**Required work**
The records below are to be set down again exactly, with the pictures left out.

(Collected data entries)
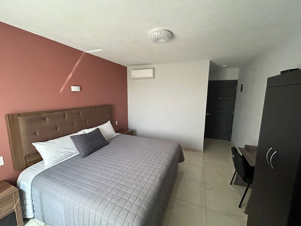 Relájate en este espacio tan tranquilo y elegante. El edificio se encuentra en el corazón de Degollado y encontraras gran variedad en comida y snack por la noche en la plaza principal. Cuenta con cocineta y elementos básicos de cocina, Refrigerador y Estufa de gas. Cama King Size, solicita un colchón individual en caso de ocuparlo. Balcon con vista al Templo y al exterior de la calle.
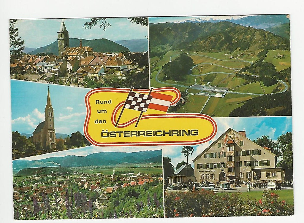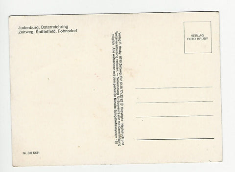AK Rund um den Österreichring. Knittelfeld-Zeltweg. Fohnsdorf. (1985) Ungelaufen. Großformat. Verlag: Hruby. Nummeriert: 6481. Zustand: Knicke über dem rechten oberen Bild.
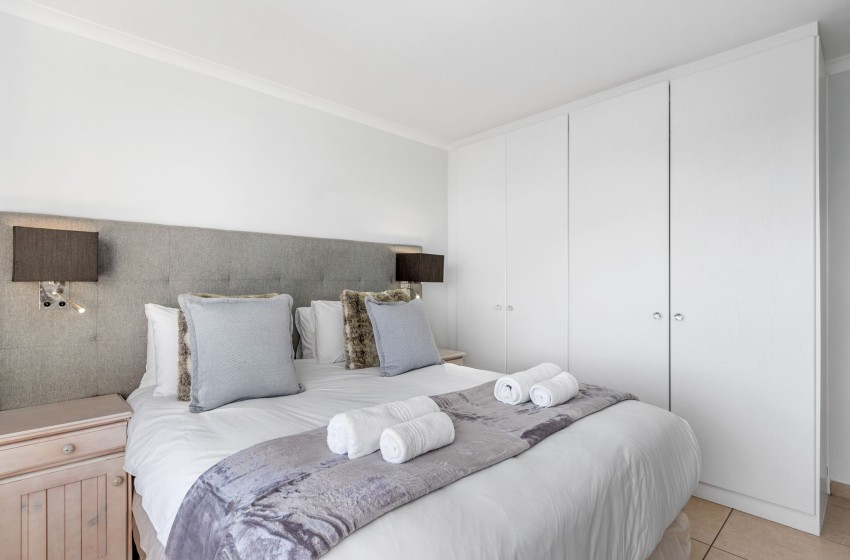 Welcome to The Waves 302, a stunning apartment offering a blend of comfort and style in the vibrant suburb of Table View, just north of Cape Town’s city centre. This family-friendly retreat accommodates up to 4 guests, featuring a luxurious king-sized bed in the master bedroom with an ensuite bathroom complete with a shower and toilet. The second bedroom offers two single beds and is served by a second bathroom with a bath and toilet.
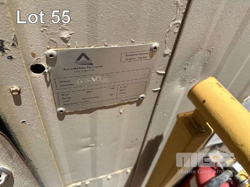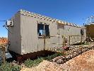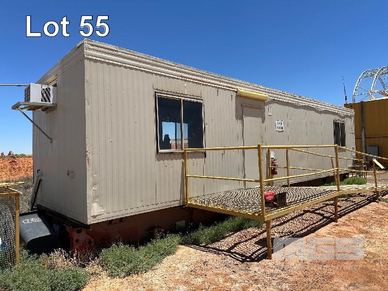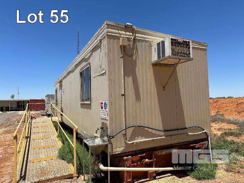 TRANSPORTABLE CRIB ROOM 12 x 3m MOUNTED ON TRANSI FLAT BASE OPEN PLAN, KITCHENETTE, TABLES, CHAIRS, PIE WARMER, 3 x WALL MOUNT A/CS, ETC
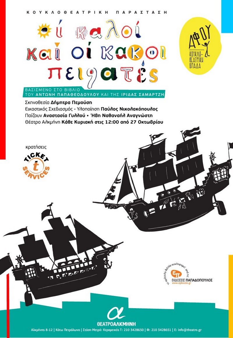 Μετά τα ασταμάτητα sold out στο θέατρο και στα σχολεία «Οι καλοί και οι κακοί πειρατές» επιστρέφουν! Μια αστεία, διαδραστική πειρατική περιπέτεια, βασισμένη στο πολυαγαπημένο βιβλίο του Αντώνη Παπαθεοδούλου και της Ίριδας Σαμαρτζή σε διασκευή της ομάδας Αφού!
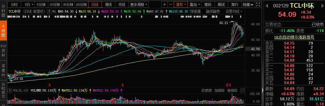 TCL中环今年股价表现相对较强,6月下旬以来股价一度加速上涨,最高价冲破60元,创出历史新高,股价现报54.09元,今年整体上涨29.9%,截至目前,总市值为1748亿元。
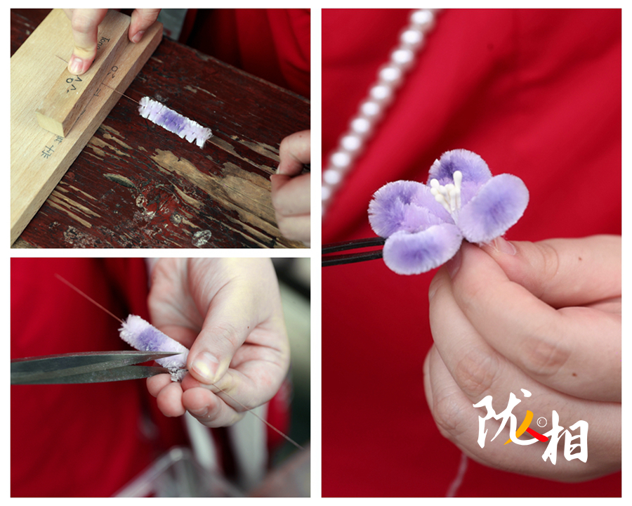 “我也在不斷學(xué)習(xí),現(xiàn)在可以用仿點(diǎn)翠工藝,讓簪花更有質(zhì)感。”宗怡彤說(shuō)道。
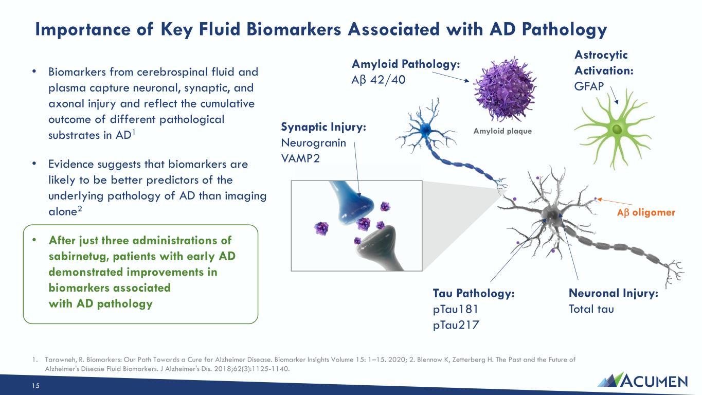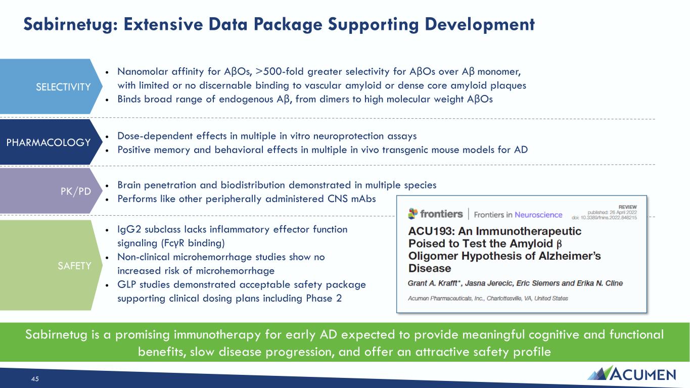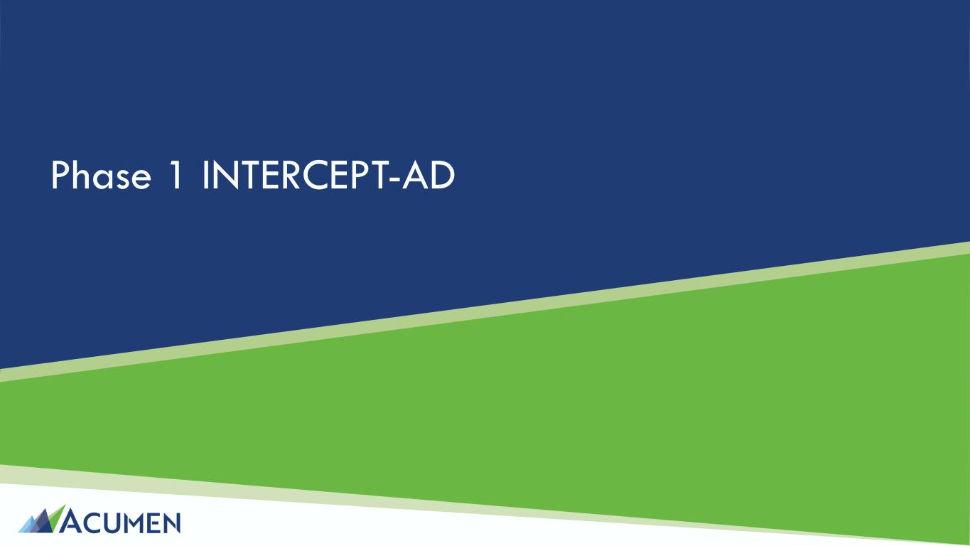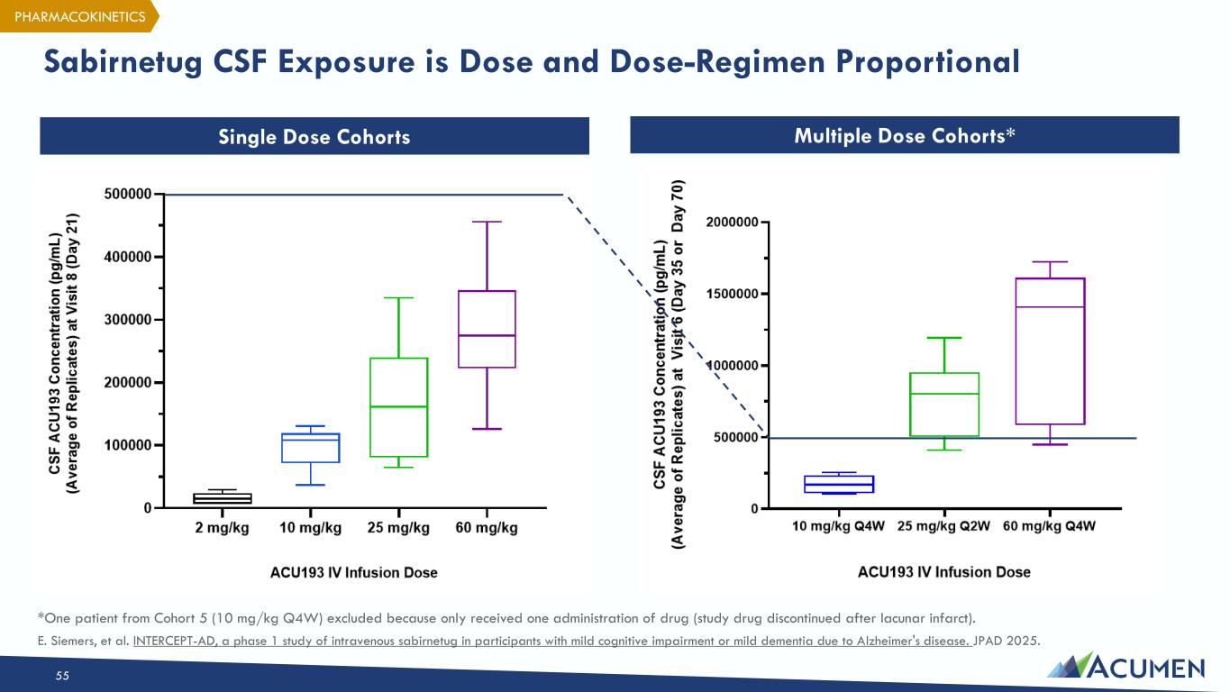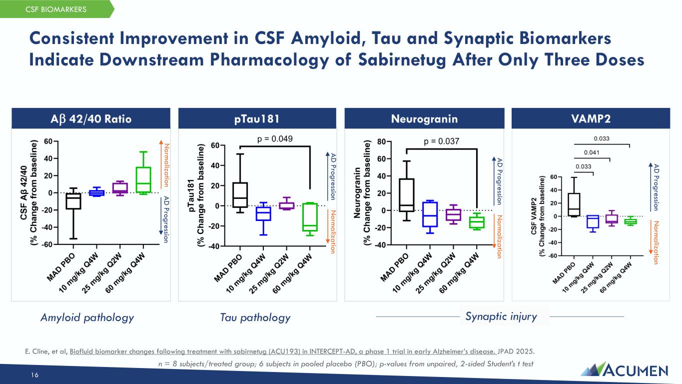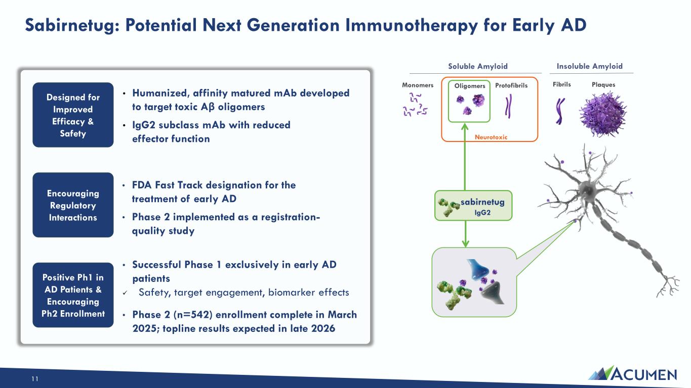 Doses Approaching Maximal Target Engagement Support Sabirnetug AβO Mechanism and Helped Guide Dose Selection for Next Study Phase 14 Single & Multiple Dose Cohorts - Exposure Response Relationship (Emax Model) Emax: 22.71 AU/mL Complex EC50: 136 ng/mL sabirnetug 0 600 1200 1800 0 10 20 30 CSF [ACU193] (ng/mL) A C U 1 9 3 -A β O C o m p le x ( A U /m L ) SAD 2 mg/kg SAD 10 mg/kg SAD 25 mg/kg SAD 60 mg/kg MAD 10 mg/kg Q4W MAD 60 mg/kg Q4W MAD 25 mg/kg Q2W Sabirnetug-AO Complex TARGET ENGAGEMENT *One patient from Cohort 5 (10 mg/kg Q4W) excluded because only received one administration of drug (study drug discontinued after lacunar infarct). E. Siemers, et al. INTERCEPT-AD, a phase 1 study of intravenous sabirnetug in participants with mild cognitive impairment or mild dementia due to Alzheimer's disease. JPAD 2025. • Acumen developed a novel assay to measure the complex of AβOs bound to sabirnetug in cerebrospinal fluid • Observed target engagement with oligomers that increased across a range of doses • Achieved saturation point between 25 mg/kg and 60 mg/kg

**Your response**
 Relájate en este espacio tan tranquilo y elegante. El edificio se encuentra en el corazón de Degollado y encontraras gran variedad en comida y snack por la noche en la plaza principal. Cuenta con cocineta y elementos básicos de cocina, Refrigerador y Estufa de gas. Cama King Size, solicita un colchón individual en caso de ocuparlo. Balcon con vista al Templo y al exterior de la calle.
AK Rund um den Österreichring. Knittelfeld-Zeltweg. Fohnsdorf. (1985) Ungelaufen. Großformat. Verlag: Hruby. Nummeriert: 6481. Zustand: Knicke über dem rechten oberen Bild.
 Welcome to The Waves 302, a stunning apartment offering a blend of comfort and style in the vibrant suburb of Table View, just north of Cape Town’s city centre. This family-friendly retreat accommodates up to 4 guests, featuring a luxurious king-sized bed in the master bedroom with an ensuite bathroom complete with a shower and toilet. The second bedroom offers two single beds and is served by a second bathroom with a bath and toilet.
 TRANSPORTABLE CRIB ROOM 12 x 3m MOUNTED ON TRANSI FLAT BASE OPEN PLAN, KITCHENETTE, TABLES, CHAIRS, PIE WARMER, 3 x WALL MOUNT A/CS, ETC
 Μετά τα ασταμάτητα sold out στο θέατρο και στα σχολεία «Οι καλοί και οι κακοί πειρατές» επιστρέφουν! Μια αστεία, διαδραστική πειρατική περιπέτεια, βασισμένη στο πολυαγαπημένο βιβλίο του Αντώνη Παπαθεοδούλου και της Ίριδας Σαμαρτζή σε διασκευή της ομάδας Αφού!
 TCL中环今年股价表现相对较强,6月下旬以来股价一度加速上涨,最高价冲破60元,创出历史新高,股价现报54.09元,今年整体上涨29.9%,截至目前,总市值为1748亿元。
 “我也在不斷學(xué)習(xí),現(xiàn)在可以用仿點(diǎn)翠工藝,讓簪花更有質(zhì)感。”宗怡彤說(shuō)道。
 Doses Approaching Maximal Target Engagement Support Sabirnetug AβO Mechanism and Helped Guide Dose Selection for Next Study Phase 14 Single & Multiple Dose Cohorts - Exposure Response Relationship (Emax Model) Emax: 22.71 AU/mL Complex EC50: 136 ng/mL sabirnetug 0 600 1200 1800 0 10 20 30 CSF [ACU193] (ng/mL) A C U 1 9 3 -A β O C o m p le x ( A U /m L ) SAD 2 mg/kg SAD 10 mg/kg SAD 25 mg/kg SAD 60 mg/kg MAD 10 mg/kg Q4W MAD 60 mg/kg Q4W MAD 25 mg/kg Q2W Sabirnetug-AO Complex TARGET ENGAGEMENT *One patient from Cohort 5 (10 mg/kg Q4W) excluded because only received one administration of drug (study drug discontinued after lacunar infarct). E. Siemers, et al. INTERCEPT-AD, a phase 1 study of intravenous sabirnetug in participants with mild cognitive impairment or mild dementia due to Alzheimer's disease. JPAD 2025. • Acumen developed a novel assay to measure the complex of AβOs bound to sabirnetug in cerebrospinal fluid • Observed target engagement with oligomers that increased across a range of doses • Achieved saturation point between 25 mg/kg and 60 mg/kg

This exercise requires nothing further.